§ Data supplied:
■ ■ ■
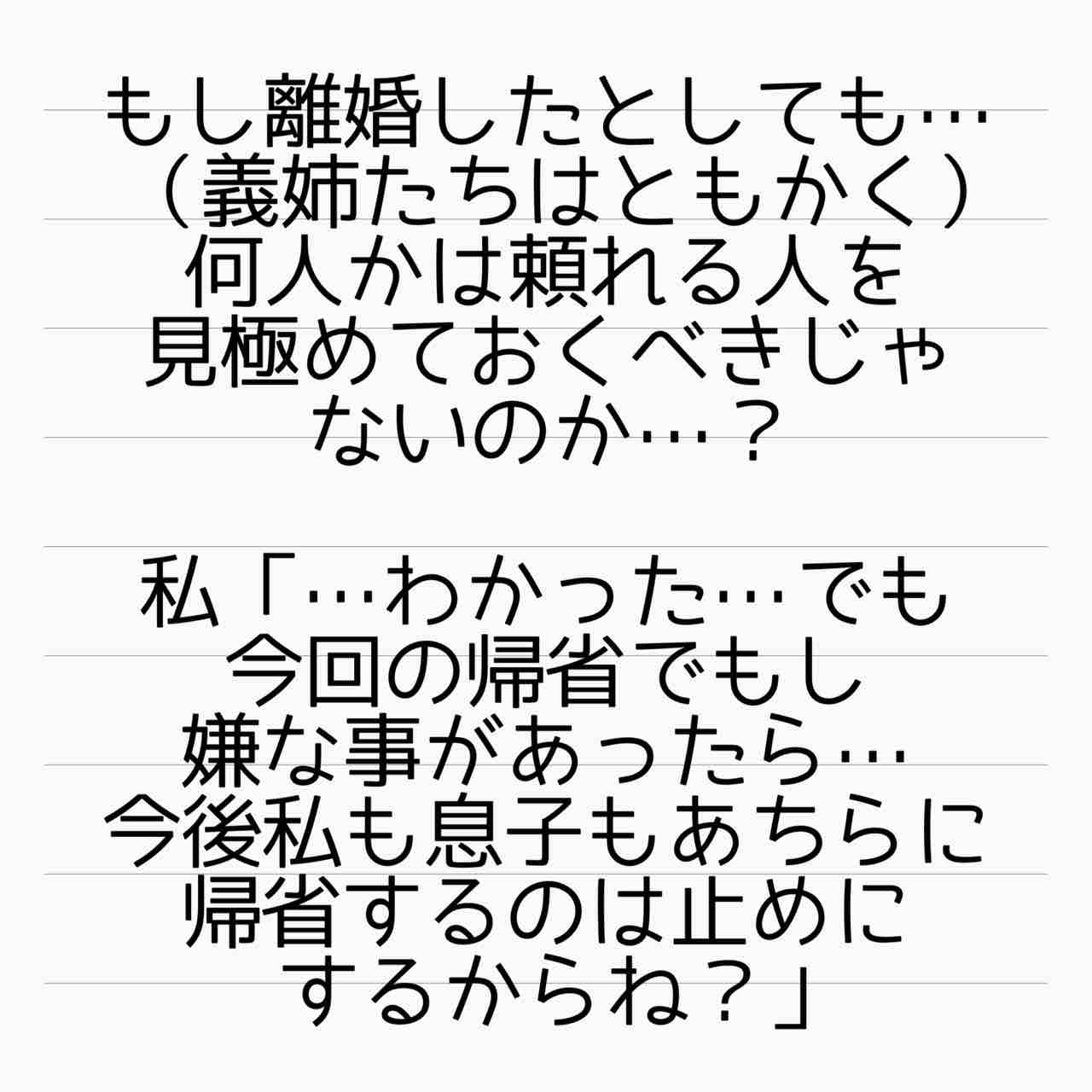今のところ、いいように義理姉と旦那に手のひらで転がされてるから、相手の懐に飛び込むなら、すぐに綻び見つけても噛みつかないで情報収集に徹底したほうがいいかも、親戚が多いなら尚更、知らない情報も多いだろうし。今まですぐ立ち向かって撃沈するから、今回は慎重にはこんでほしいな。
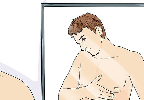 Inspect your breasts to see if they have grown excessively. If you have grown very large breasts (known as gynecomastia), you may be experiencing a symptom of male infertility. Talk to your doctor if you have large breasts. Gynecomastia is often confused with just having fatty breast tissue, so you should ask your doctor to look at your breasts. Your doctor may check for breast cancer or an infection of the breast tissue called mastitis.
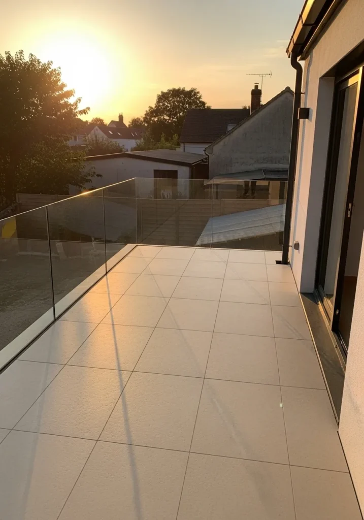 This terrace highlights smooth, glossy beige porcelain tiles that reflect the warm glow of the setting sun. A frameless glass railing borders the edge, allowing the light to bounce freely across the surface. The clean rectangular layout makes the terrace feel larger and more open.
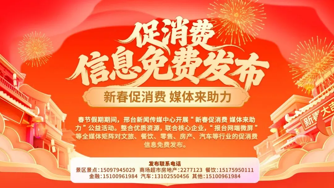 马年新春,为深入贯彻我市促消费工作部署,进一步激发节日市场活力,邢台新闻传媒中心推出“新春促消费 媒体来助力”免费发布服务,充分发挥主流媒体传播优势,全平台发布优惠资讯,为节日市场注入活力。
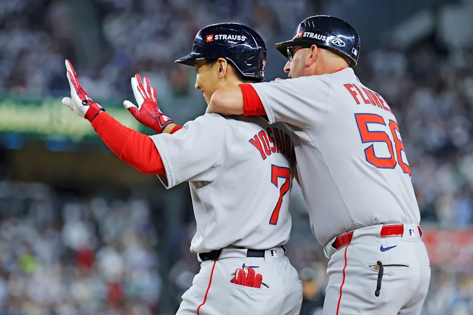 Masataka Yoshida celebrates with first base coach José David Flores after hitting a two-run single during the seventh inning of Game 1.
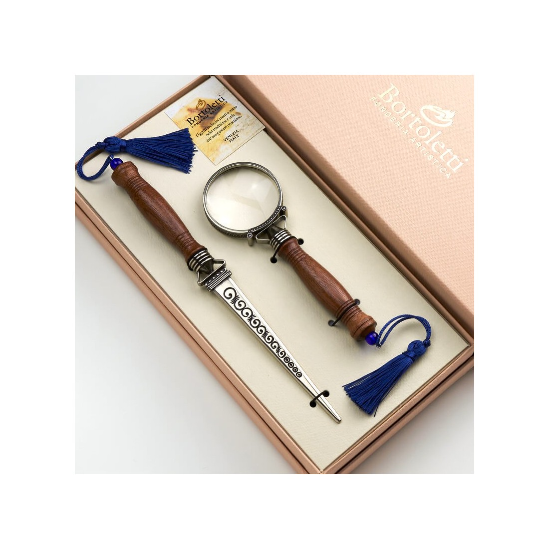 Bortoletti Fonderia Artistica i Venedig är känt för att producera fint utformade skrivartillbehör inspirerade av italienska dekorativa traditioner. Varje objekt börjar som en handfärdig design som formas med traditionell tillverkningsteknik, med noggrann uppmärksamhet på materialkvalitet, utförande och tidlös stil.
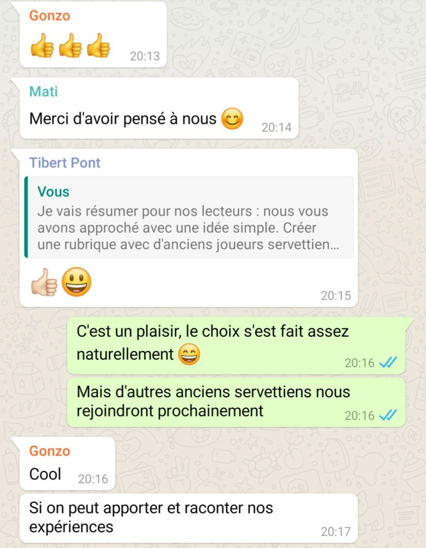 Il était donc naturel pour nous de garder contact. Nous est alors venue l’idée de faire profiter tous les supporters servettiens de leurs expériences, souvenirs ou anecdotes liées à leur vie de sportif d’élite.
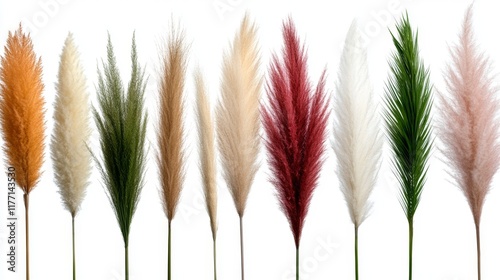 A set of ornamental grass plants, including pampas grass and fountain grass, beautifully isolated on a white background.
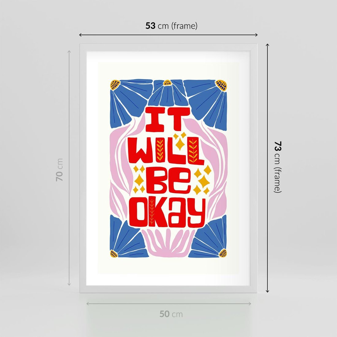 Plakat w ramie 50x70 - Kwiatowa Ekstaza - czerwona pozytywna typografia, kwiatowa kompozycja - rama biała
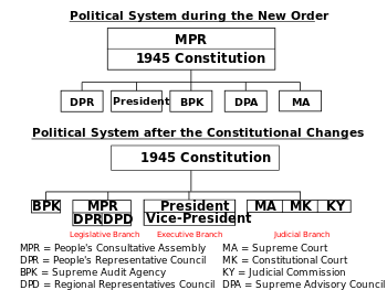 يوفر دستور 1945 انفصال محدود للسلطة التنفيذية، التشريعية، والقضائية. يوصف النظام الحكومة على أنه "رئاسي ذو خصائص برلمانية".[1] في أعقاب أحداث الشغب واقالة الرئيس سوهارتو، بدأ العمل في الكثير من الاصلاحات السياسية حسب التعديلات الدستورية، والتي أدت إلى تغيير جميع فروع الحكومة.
■ ■ ■
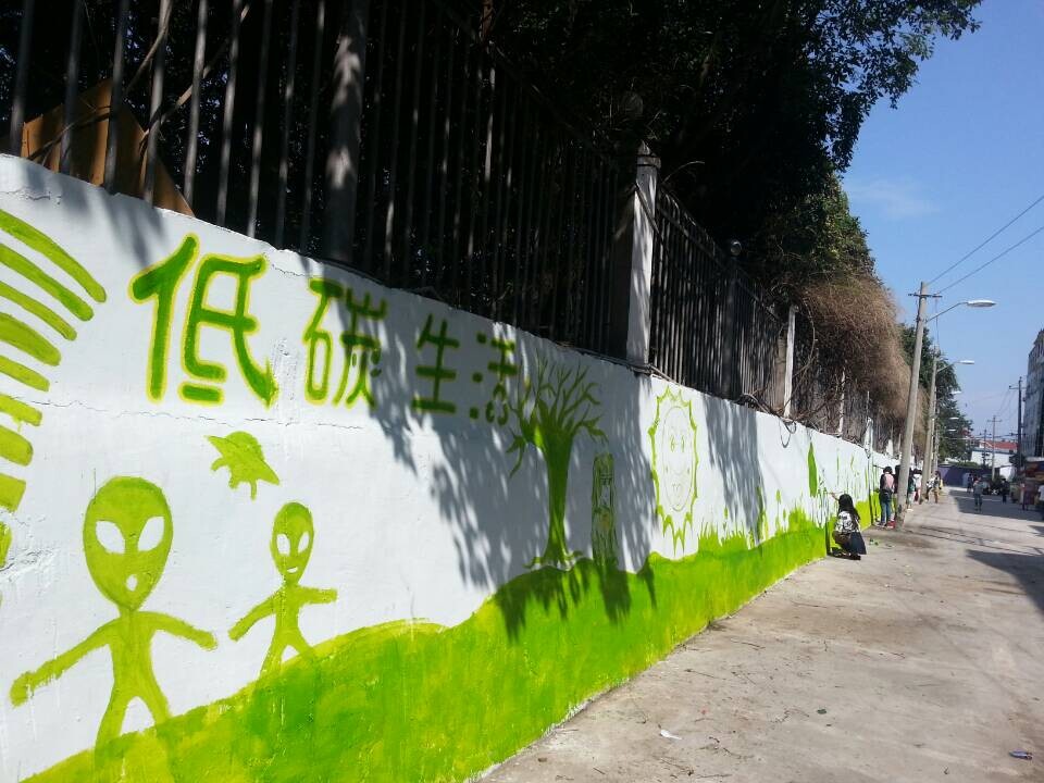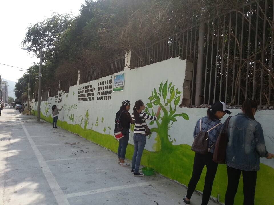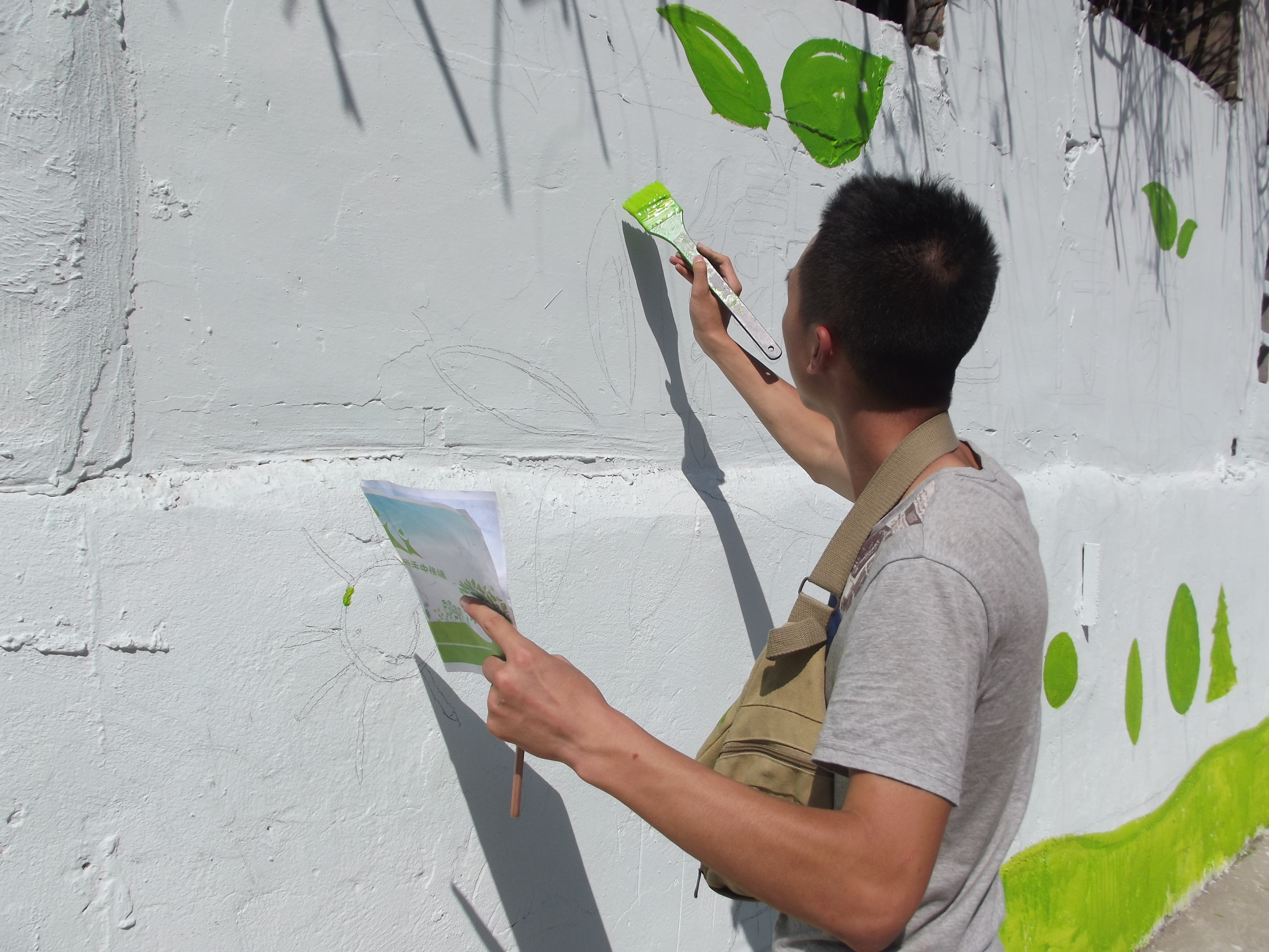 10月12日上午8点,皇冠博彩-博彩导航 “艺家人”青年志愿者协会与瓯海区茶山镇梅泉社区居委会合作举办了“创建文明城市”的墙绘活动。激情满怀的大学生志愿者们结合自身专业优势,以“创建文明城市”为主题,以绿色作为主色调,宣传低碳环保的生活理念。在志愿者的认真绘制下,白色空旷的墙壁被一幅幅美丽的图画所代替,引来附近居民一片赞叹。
■ ■ ■
§ Work item: Beginning at the line above that contains "Il était donc" and going on through the line that contains "A set of ornamental", please copy every line exactly, leaving the pictures out and adding nothing.

§ Answer to the problem:
 Il était donc naturel pour nous de garder contact. Nous est alors venue l’idée de faire profiter tous les supporters servettiens de leurs expériences, souvenirs ou anecdotes liées à leur vie de sportif d’élite.
 A set of ornamental grass plants, including pampas grass and fountain grass, beautifully isolated on a white background.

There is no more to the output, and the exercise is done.